Vassilis Papadopoulos Βασίλης Παπαδόπουλος

Ermis Lagkada
- Position: Small forward / shooting guard
- League: Greek B Basket League

Personal information
- Born: December 22, 1998 (age 26) Thessaloniki, Greece
- Nationality: Greek
- Listed height: 6 ft 7.5 in (2.02 m)
- Listed weight: 225 lb (102 kg)

Career information
- High school: Mandoulides Schools
- Playing career: 2016–present

Career history
- 2016–2018: PAOK
- 2017–2018: → Ermis Agias
- 2018–2019: HANTH
- 2019–2020: Anatolia Thessaloniki
- 2020–present: Ermis Lagkada

= Vassilis Papadopoulos (basketball) =

Greek basketball player

Vassilis Papadopoulos (alternate spellings: Vasilis, Vasileios) (Greek: Βασίλης Παπαδόπουλος; born December 28, 1998) is a Greek professional basketball player for Ermis Lagkada of the Greek B Basket League.
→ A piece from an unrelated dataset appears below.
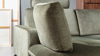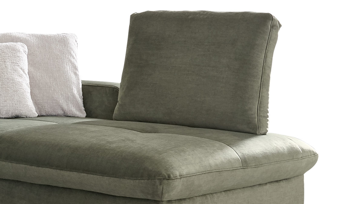 Mit weichem Kaltschaum gepolstert und trendig-olivfarbenem Mikrovelours bezogen, gewährleistet der Steckrücken die gewünschte Bequemlichkeit und harmoniert perfekt mit den Polstermöbeln im gleichen Design. Das Steckelement besteht aus robustem verchromten Metall.

He is a 2.02 m tall shooting guard-small forward.

==Professional career==
Papadopoulos joined the youth teams of PAOK Thessaloniki in the summer of 2016. In December of the same year, he signed his first professional contract with the senior men's team of PAOK. In 2017, he was loaned to the Greek club Aermis Agias. On September 12, 2020, Papadopoulos signed with Ermis Lagkada.